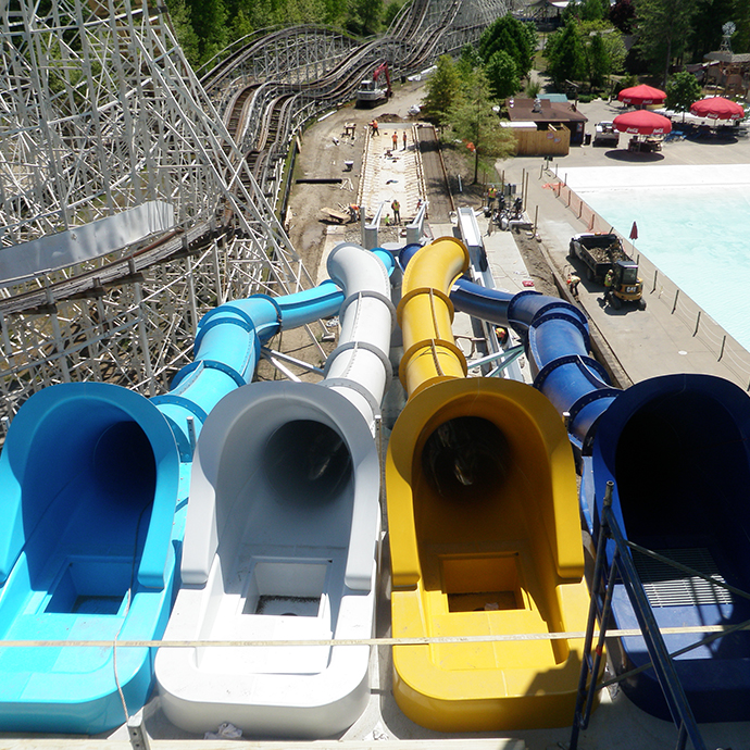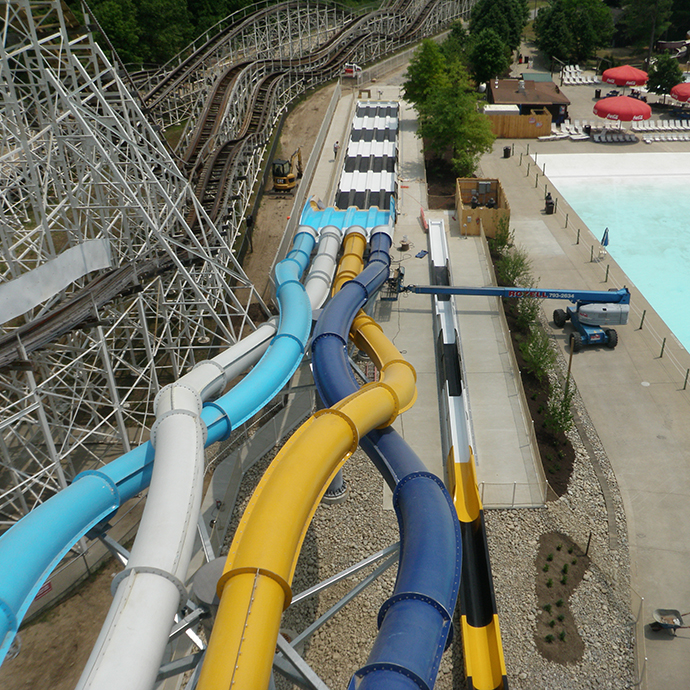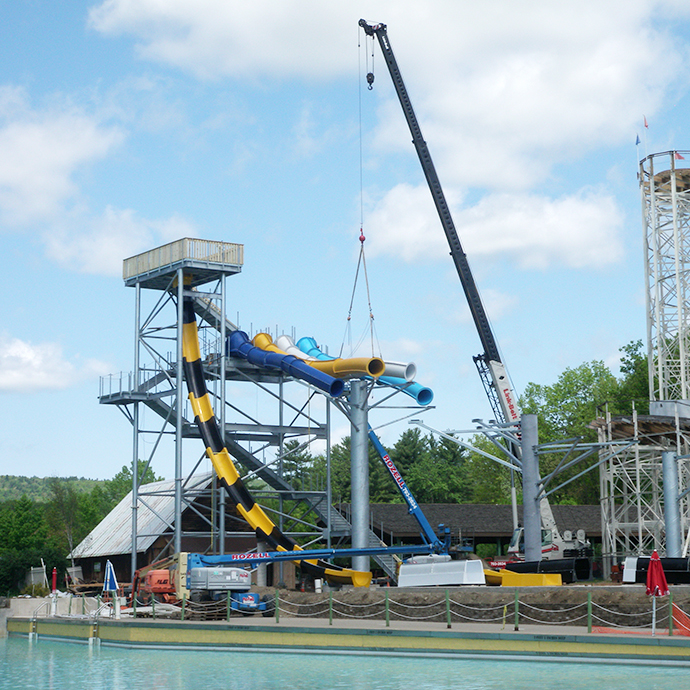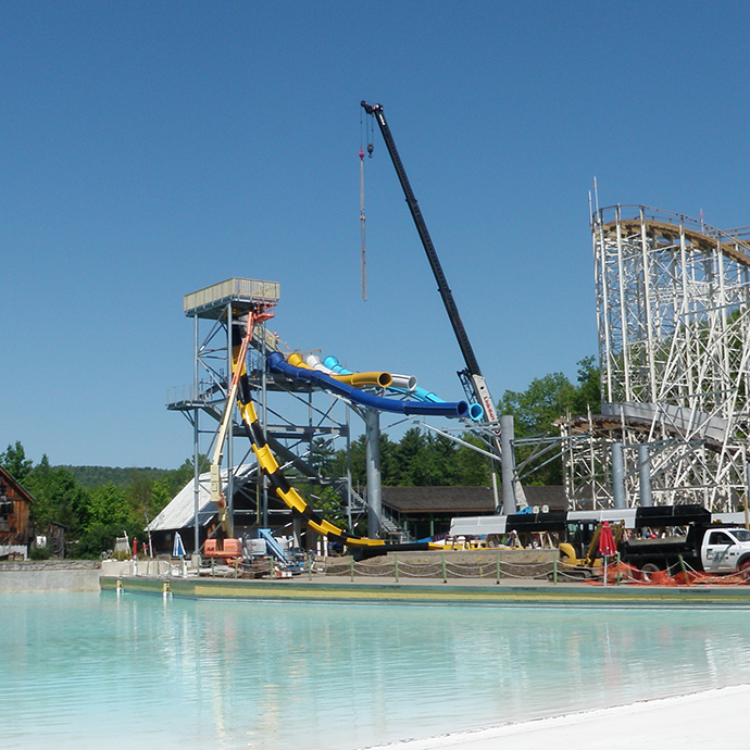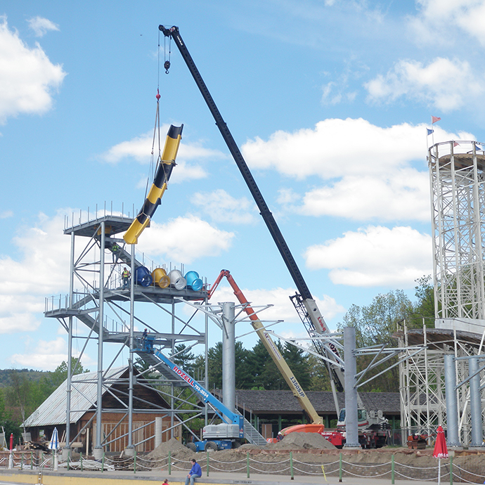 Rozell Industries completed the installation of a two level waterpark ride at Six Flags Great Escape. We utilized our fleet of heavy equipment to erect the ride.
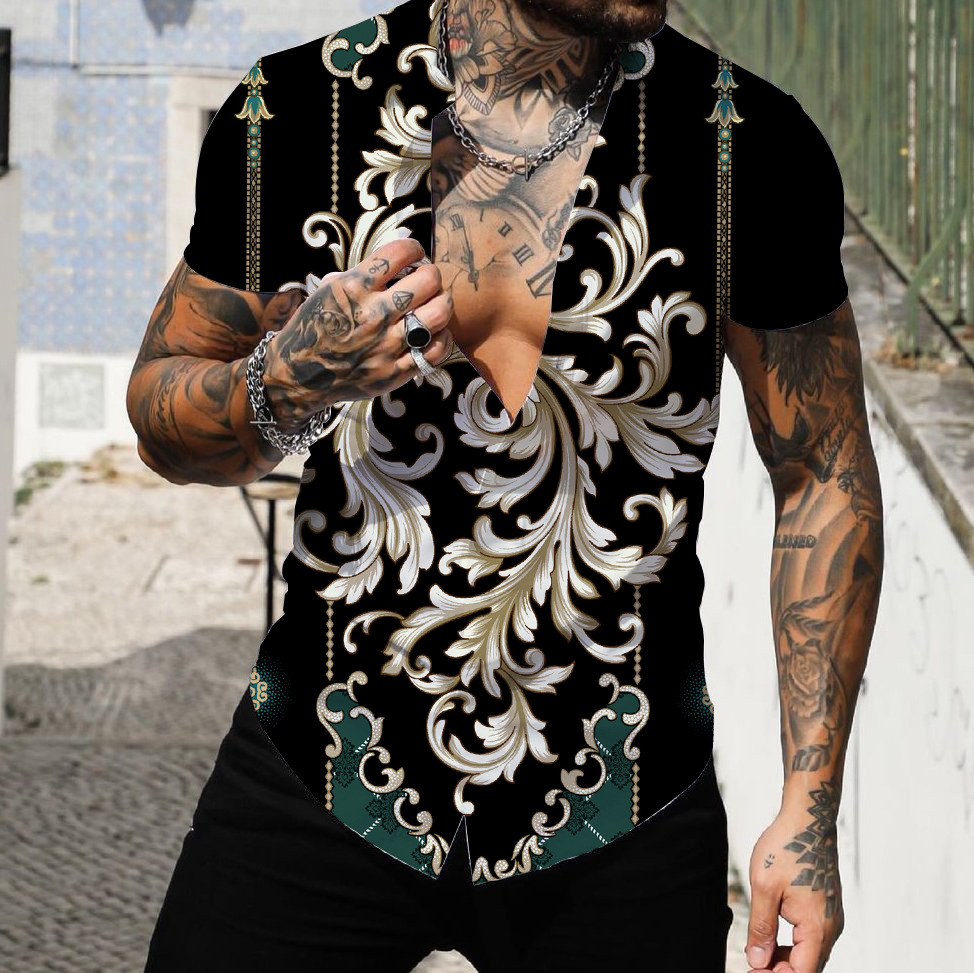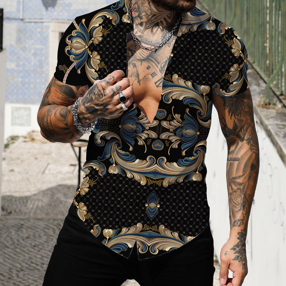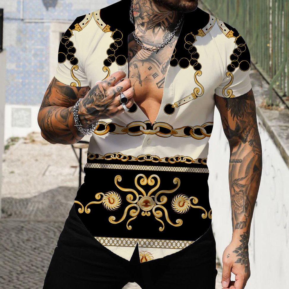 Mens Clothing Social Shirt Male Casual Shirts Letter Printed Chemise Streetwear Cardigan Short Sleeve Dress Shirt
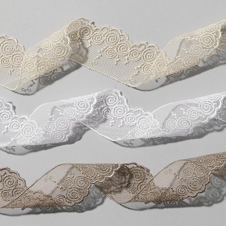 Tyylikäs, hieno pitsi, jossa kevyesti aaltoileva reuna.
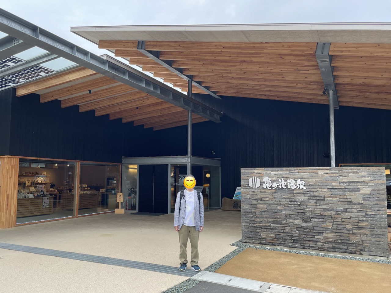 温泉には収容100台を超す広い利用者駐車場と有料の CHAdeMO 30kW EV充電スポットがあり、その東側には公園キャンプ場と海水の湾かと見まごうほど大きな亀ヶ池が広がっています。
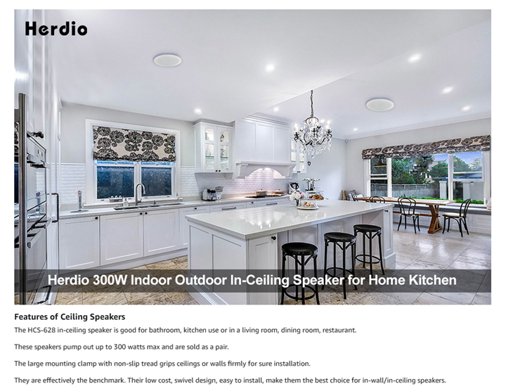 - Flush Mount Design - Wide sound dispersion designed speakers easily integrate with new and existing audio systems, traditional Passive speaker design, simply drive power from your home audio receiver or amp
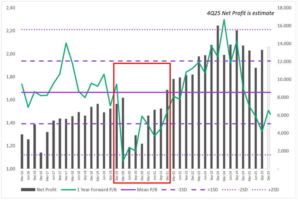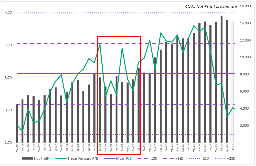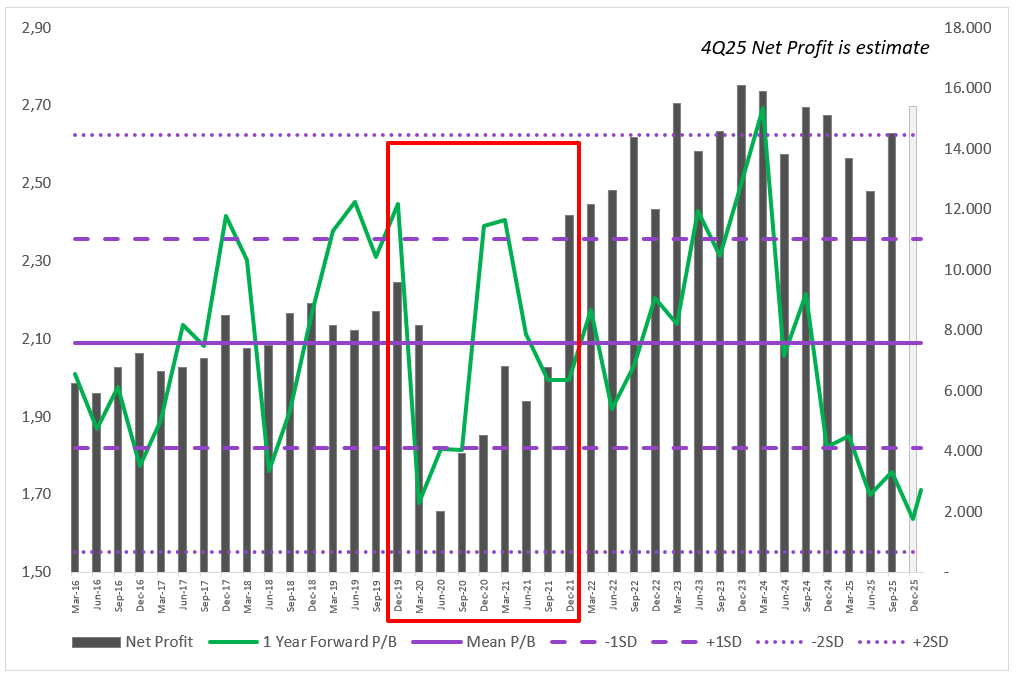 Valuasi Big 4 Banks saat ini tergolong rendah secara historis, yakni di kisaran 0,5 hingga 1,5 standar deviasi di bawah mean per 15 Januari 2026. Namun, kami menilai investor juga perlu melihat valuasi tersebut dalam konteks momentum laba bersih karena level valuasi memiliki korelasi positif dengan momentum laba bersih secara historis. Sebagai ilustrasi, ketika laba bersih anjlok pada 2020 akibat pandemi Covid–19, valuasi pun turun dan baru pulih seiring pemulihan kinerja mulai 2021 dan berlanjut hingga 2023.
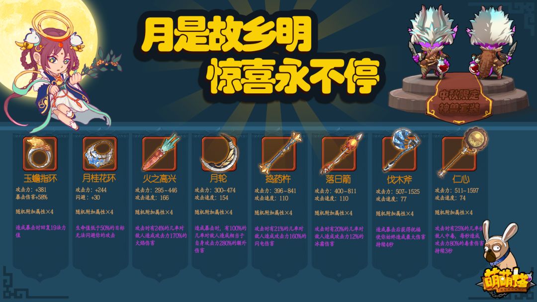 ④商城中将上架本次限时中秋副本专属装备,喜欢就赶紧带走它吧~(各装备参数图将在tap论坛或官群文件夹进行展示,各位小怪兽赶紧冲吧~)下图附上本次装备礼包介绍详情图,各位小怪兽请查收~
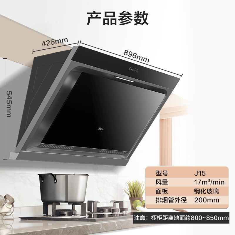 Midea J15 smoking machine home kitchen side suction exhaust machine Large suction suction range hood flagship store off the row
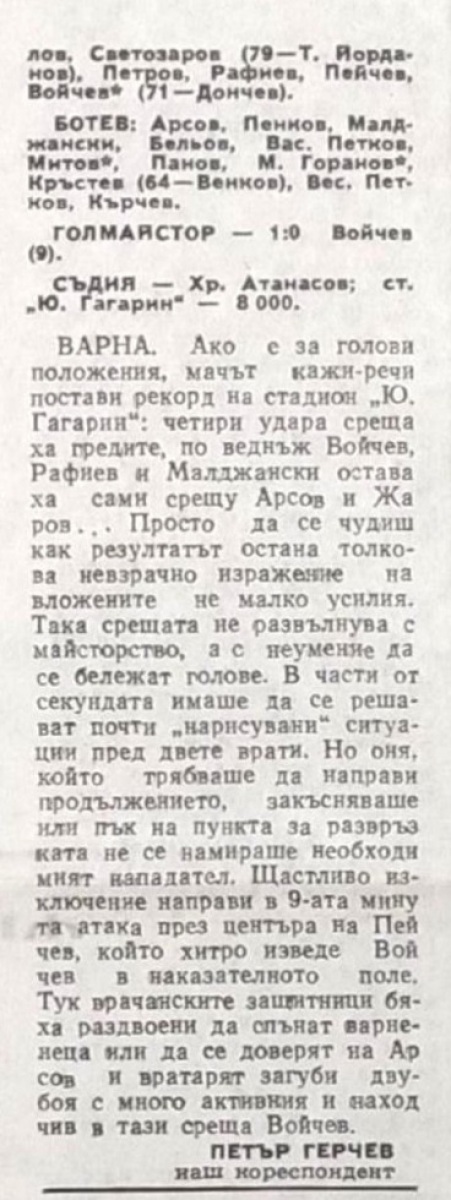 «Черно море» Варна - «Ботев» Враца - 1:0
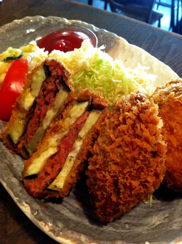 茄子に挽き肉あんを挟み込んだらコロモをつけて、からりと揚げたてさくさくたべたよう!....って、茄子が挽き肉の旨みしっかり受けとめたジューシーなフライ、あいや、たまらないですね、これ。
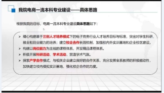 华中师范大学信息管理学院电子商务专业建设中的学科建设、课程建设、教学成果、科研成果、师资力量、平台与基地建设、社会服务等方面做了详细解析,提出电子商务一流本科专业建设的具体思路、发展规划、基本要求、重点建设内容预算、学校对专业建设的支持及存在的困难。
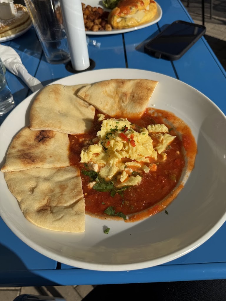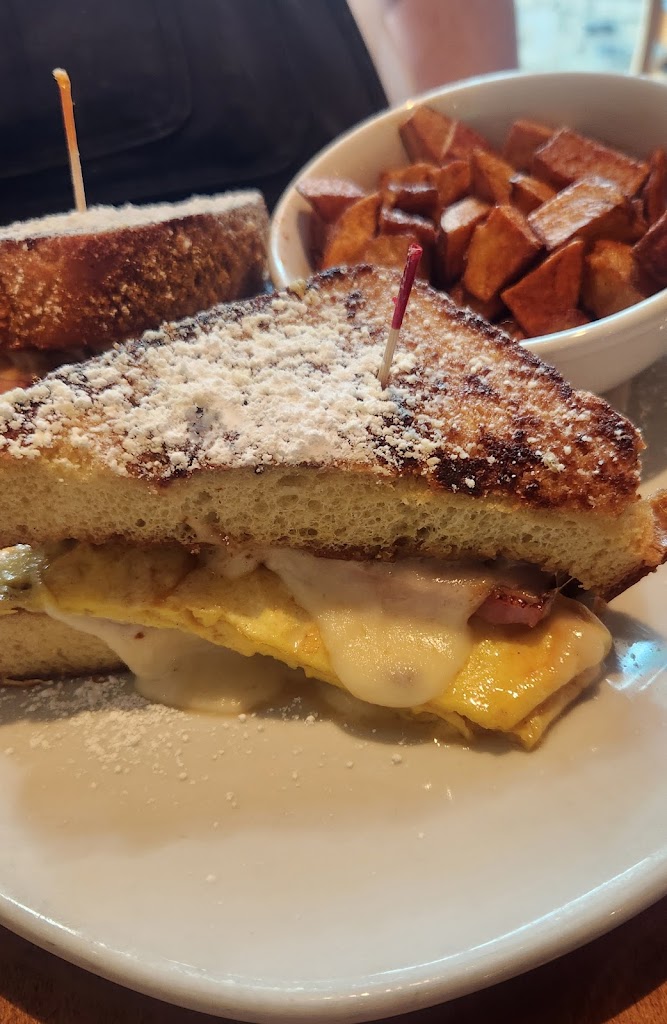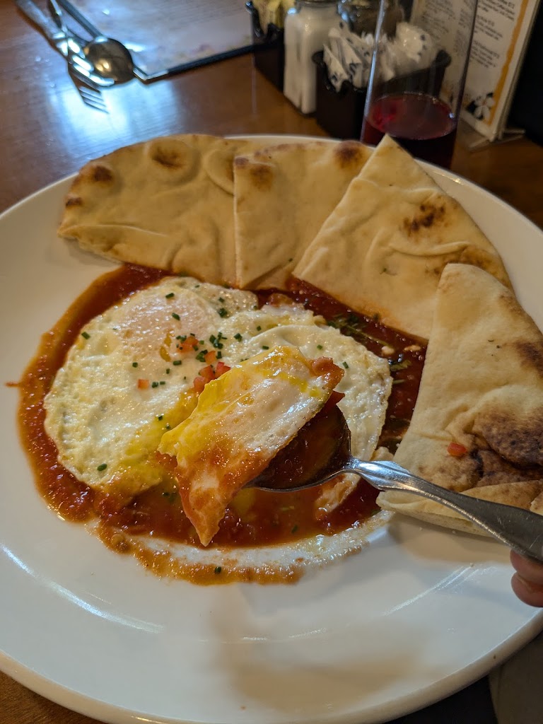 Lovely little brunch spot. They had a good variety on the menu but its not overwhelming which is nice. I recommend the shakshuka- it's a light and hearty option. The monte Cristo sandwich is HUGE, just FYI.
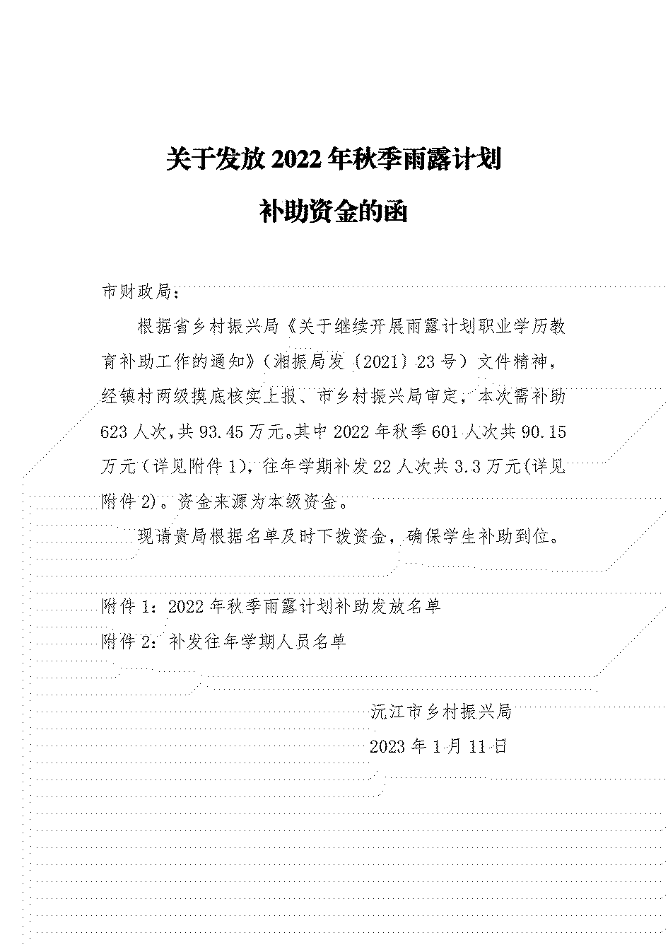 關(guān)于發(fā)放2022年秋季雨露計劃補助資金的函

──────────────────────────────

## [AIM OF THE EXERCISE]
Once you find the line that contains "Lovely little brunch", reproduce it and every line after it through the end of the entries above, exactly as written, with no pictures.

## [RESPONSE FOR THIS EXERCISE]
 Lovely little brunch spot. They had a good variety on the menu but its not overwhelming which is nice. I recommend the shakshuka- it's a light and hearty option. The monte Cristo sandwich is HUGE, just FYI.
 關(guān)于發(fā)放2022年秋季雨露計劃補助資金的函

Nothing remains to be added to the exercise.